Yes, the highlights do come on automatically when the wipers are in operation. This is also mentioned in the owner's manual, but it doesn't say anything about the taillights. I've always assumed the taillights come on with the headlights, but now you've piqued my curiosity. When it starts raining here again, I may have to check it out.


----------



## MelindaV (Apr 2, 2016)

Reid said:


> I was driving in the rain yesterday, and came across another 3 with no taillights. Visibility was a bit poor, so I glanced down at my screen, curious as to why the other car's lights weren't on. My headlights were showing as on. But then later when I passed that car, I noticed their headlights (and foglights) were, in fact, on!
> 
> I noticed a few other 3s in the same state on my drive -- which led me to the conclusion that, even though my car was telling me my lights were on, it was probably that my taillights were completely out!
> 
> ...


I think what you saw on the other car were the signature lights, not the actual headlights.


----------



## Reid (Apr 25, 2018)

MelindaV said:


> I think what you saw on the other car were the signature lights, not the actual headlights.


No, that's incorrect. It was my first thought as well, of course. I verified that the other car's headlights were, in fact, on, as were the foglights. As I noted, it would have also been weird for my auto headlights to be on but theirs off. I also found the same thing on at least one other model 3 (and I was back and forth enough in traffic to check the same car headlight vs taillight multiple times).


----------



## gary in NY (Dec 2, 2018)

Another example of weird taillight behavior: We were discussing in another tread a while back that when you leave the car, and have the headlights set to stay on after exit, the taillights do not stay lit.
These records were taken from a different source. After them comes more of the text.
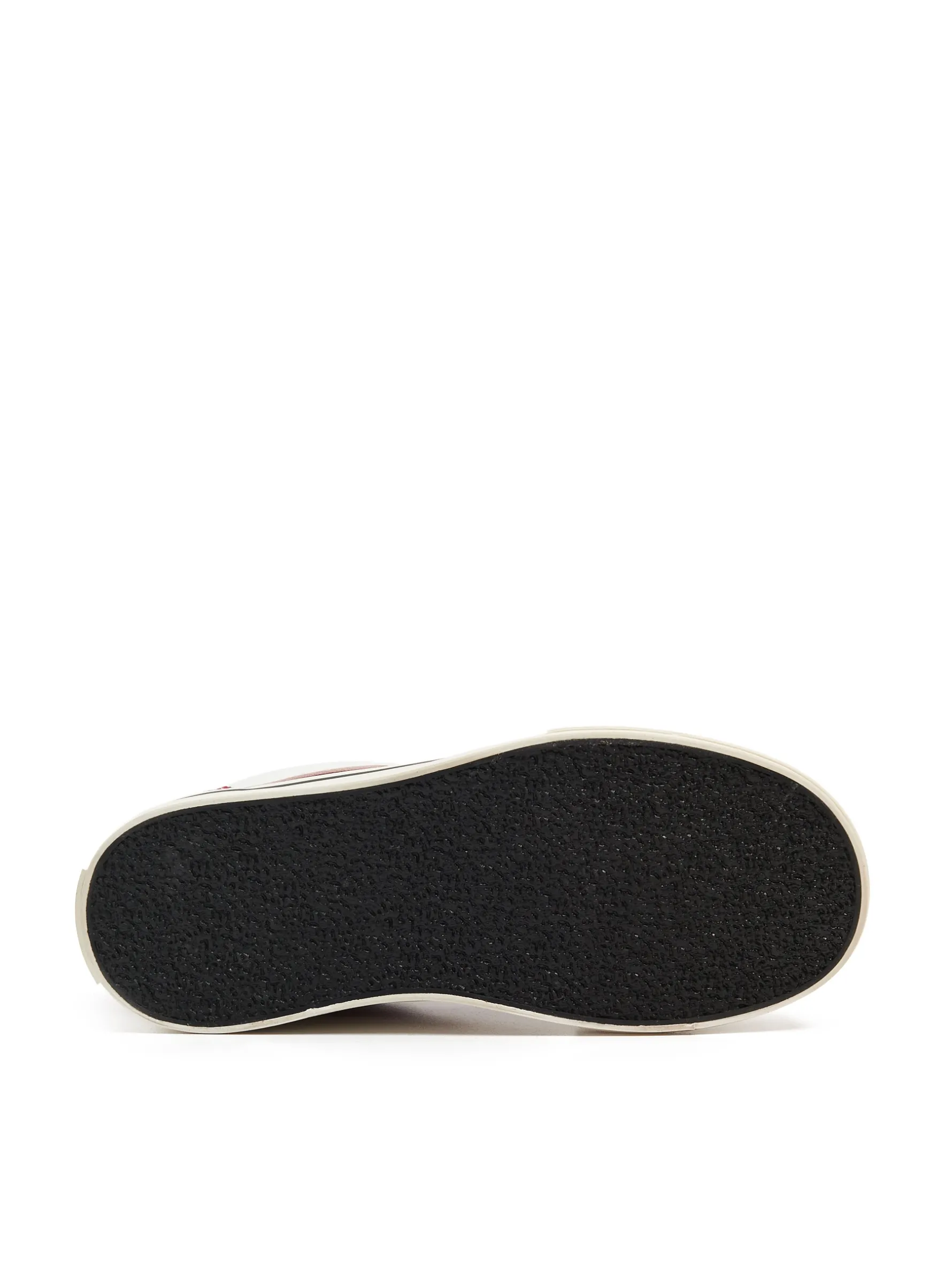 Damskie sportowe sneakersy w kolorze czerwonym z białymi naszywkami w kształcie fali. Ready for summer! cholewka wykonana z trwałej mieszanki tkanin płaskie podeszwy o sportowym fasonie wiązanie na białe sznurowadła uchwyt na tylnej części – wygodny podczas zakładania butów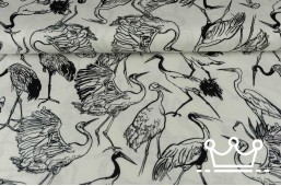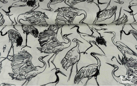 Linnen viscose vogels wit zwart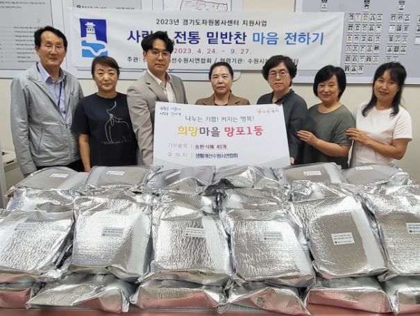 【뉴스라이트 = 조용은 기자】 수원시 영통구는 생활개선수원시연합회에서 7일 추석을 맞아 어려운 이웃에게 도움을 주고 싶다며 직접 빚은 송편과 식혜 40인분을 망포1동 행정복지센터에 기부했다고 밝혔다.

This is concerning to me because when I get out to check my mailbox after dark, it's very hard to see the car from behind. I have not found a way to override this. I'd like not to be rear-ended while checking the mail.


----------



## BluestarE3 (Oct 12, 2017)

gary in NY said:


> Another example of weird taillight behavior: We were discussing in another tread a while back that when you leave the car, and have the headlights set to stay on after exit, the taillights do not stay lit. This is concerning to me because when I get out to check my mailbox after dark, it's very hard to see the car from behind. I have not found a way to override this. I'd like not to be rear-ended while checking the mail.
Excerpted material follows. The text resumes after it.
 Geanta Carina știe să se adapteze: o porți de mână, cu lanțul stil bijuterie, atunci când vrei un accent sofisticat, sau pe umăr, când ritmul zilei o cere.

I remember that thread; however, with my car, both the headlights and taillights remain illuminated after exiting and closing the door (that's with "Headlights After Exit" enabled): https://teslaownersonline.com/threads/keep-headlights-on.10550/#post-190700

If there's indeed variability in taillight behavior for "Headlights After Exit" from car to car, maybe there's similar variability in taillight behavior when lights turn on automatically with the wipers?


----------



## processengr (Aug 17, 2017)

gary in NY said:


> Another example of weird taillight behavior: We were discussing in another tread a while back that when you leave the car, and have the headlights set to stay on after exit, the taillights do not stay lit. This is concerning to me because when I get out to check my mailbox after dark, it's very hard to see the car from behind. I have not found a way to override this. I'd like not to be rear-ended while checking the mail.


Mine does the same thing...


----------



## Common_Loon (Jan 21, 2019)

Is it possible to submit this as a bug report to Tesla? This seems an insane and sloppy oversight.


----------



## BluestarE3 (Oct 12, 2017)

Common_Loon said:


> Is it possible to submit this as a bug report to Tesla? This seems an insane and sloppy oversight.


Has anyone been able to replicate the scenario described by the OP?


----------



## Guest (Feb 5, 2019)

Modern vehicles (at least in EU) are required to have DRL. But requirement (unfortunately) doesn't require rear tails to be lit in daytime.
BMW and many other reasonable car manufacturers chose to activate them with DRLs (no license plate lights).
It's safe to drive with unlit tails but lights must be kept in AUTO mode. When it gets dark, low beams switch on (with license and tail lights) automatically.


----------



## sola scientia (Sep 24, 2018)

Only an hour ago, there I was, tootling along the 401, in the dark, snow flying, me with no running lights. Other cars were trying to draw my attention to the situation, but since I can't tell the difference between someone flashing their lights in anger, or in concern, or which car they are trying to notify, it took me until I got home to realize the horrible truth.

But after playing around, I now understand what happened.

If you are sitting in the stopped car, googling something or whatever, out of respect for some business or house in front of you, you naturally turn off the headlights -- "exterior lights off". As far as I know, its the only way to turn off the headlights.

When you drive away, the headlights snap back on. Such convenience! You feel "problem solved". Unfortunately, this convenience comes at a big price: when the headlights snap on, the runners do not come on. (I encourage readers to test this.)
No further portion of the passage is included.